N.T. Wright: Jesus and the Victory of God
N.T. Wright, Jesus and the Victory of God: Christian Origins and the Question of God, Volume 2 (Minneapolis: Fortress Press, 1996), 741 pages, ISBN 9780800626822.
Dr. Wright approaches his study of Jesus as a Christian, a New Testament scholar, and as an historian. While his conclusions challenge many popular evangelical conceptions of Jesus, his teachings, and his mission, they also provide what I discovered to be a significantly more integrated picture of Jesus—one that “made sense” in the light of sound biblical, cultural and historical contexts, and brought new insight upon the church’s own mission and message.
Wright begins with a thorough examination of the recent “quests for the historical Jesus,” chronicling (and critiquing) scholars from Hermann Samuel Reimarus and Albert Schweitzer to Robert Funk, John Dominic Crossan, Marcus Borg, and others. Wright then offers a new direction for the “quest” that brings together both serious historical research and coherent theological reflection.
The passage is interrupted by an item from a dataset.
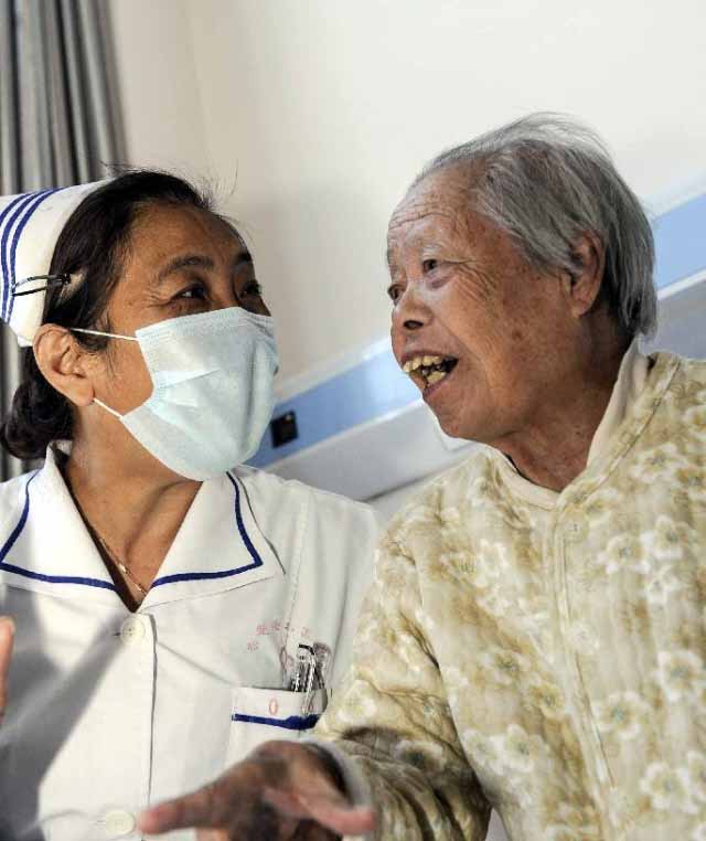 在松堂医院,见到袁护士长,一位老人立刻露出了笑容(9月29日摄)。 10月1日是联合国确定的“国际老年人日”,记者日前走访国内第一家临终关怀医院――中国老龄事业发展基金会北京松堂关怀医院。在这里,记者看到一张张来自老人、医护人员以及志愿者的笑脸和人们之间的相互关爱。
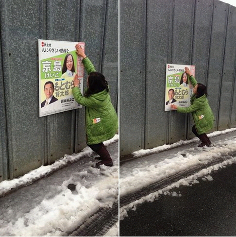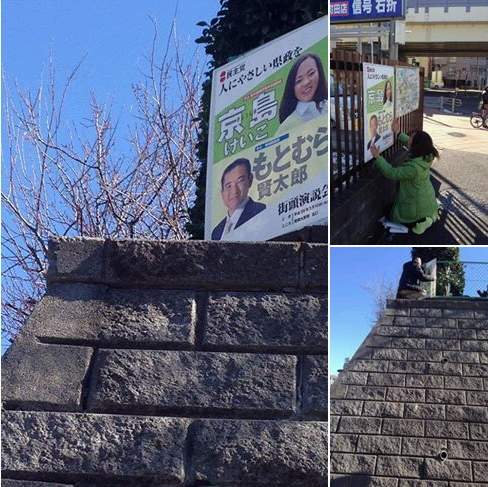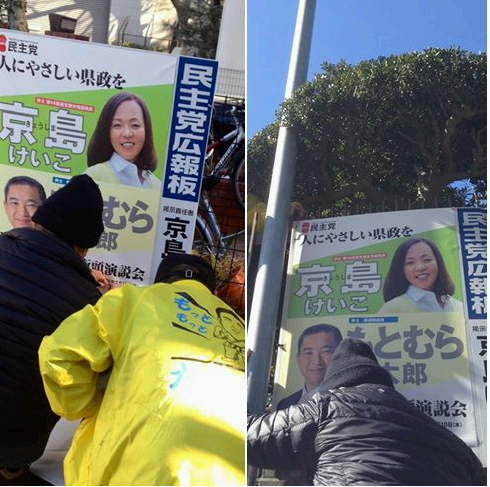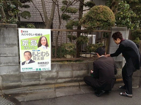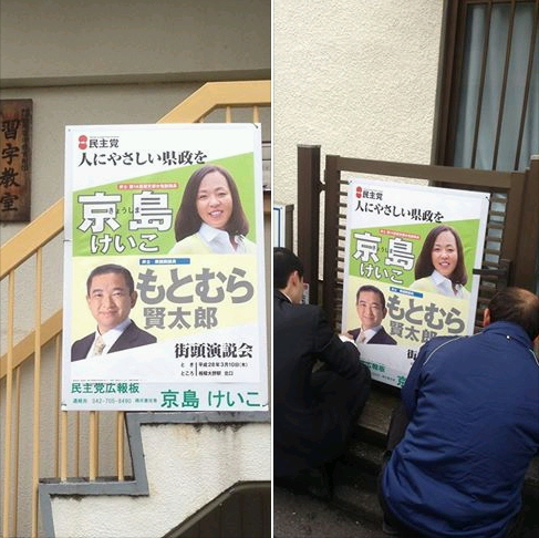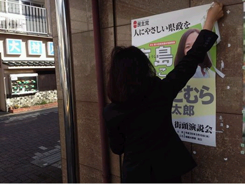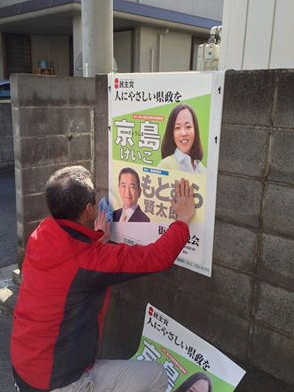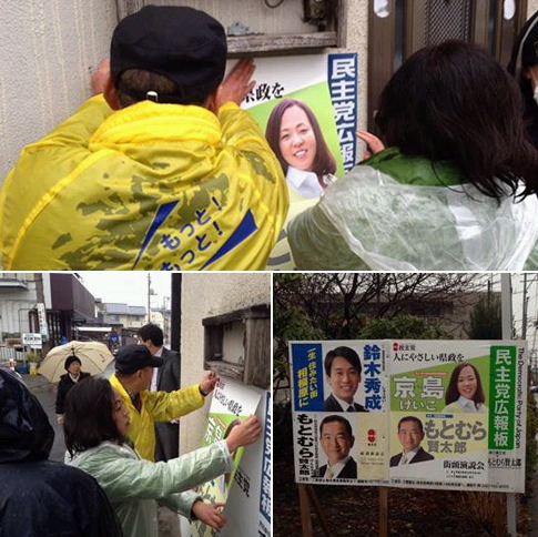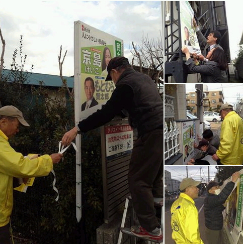 ポスター貼りを鈴木秀成議員とボランティアの皆さん

It is impossible to compress Wright’s comprehensive examination of the evidence into one simple statement. His is a well reasoned hypothesis offering a coherent conclusion that is consistent with the data, and helpful in understanding the implications of the data for the believing community.
Wright locates Jesus fully in his first-century Jewish context, and shows the reader how his message, his miracles, his public actions, and parables would have been heard in that context. Illuminating the first century Jewish expectation about the return of Israel’s god, in its various forms, Wright identifies Jesus as a prophet who is not only critiquing their practices, approaches, and expectations, but is suggesting, radically, that their expectation for the coming kingdom of God is taking place in and through himself.
The climax of Israel’s story, and indeed humanity’s story, was taking place in the life of Jesus. Because of this, or rather as an expression of this, Jesus message and actions challenged many of Israel’s traditional identity markers, such as Temple, Torah, land, and ethnic/national identity. Jesus was redrawing theses around himself. Israel was in exile, but her God was acting then and there to deliver her—and this was taking place through Jesus. As Wright comments in a section on the Last Supper, “the meal brought Jesus’ own kingdom-movement to its climax. It indicated that the new exodus, and all that it meant, was happening in and through Jesus himself” (p.557).
Wright closes this work with an examination of the crucifixion of Jesus. He explores not only the reasons for Jesus’ crucifixion (a subject of much controversy in recent months), but also a radically fresh suggestion about what Jesus believed his crucifixion meant. Jesus’ death was not simply God’s messy way of “paying” for the sins of human beings, but the means by which Israel’s God was going to conquer her enemies. Wright says in conclusion, “Unlike his actions in the Temple and the upper room, the cross was a symbol not of praxis but of passivity, not of action but of passion. It was to become the symbol of victory, but not the victory of Caesar, nor of those who would oppose Caesar with Caesar’s methods. It was to become the symbol, because it would be the means, of the victory of God” (p.610).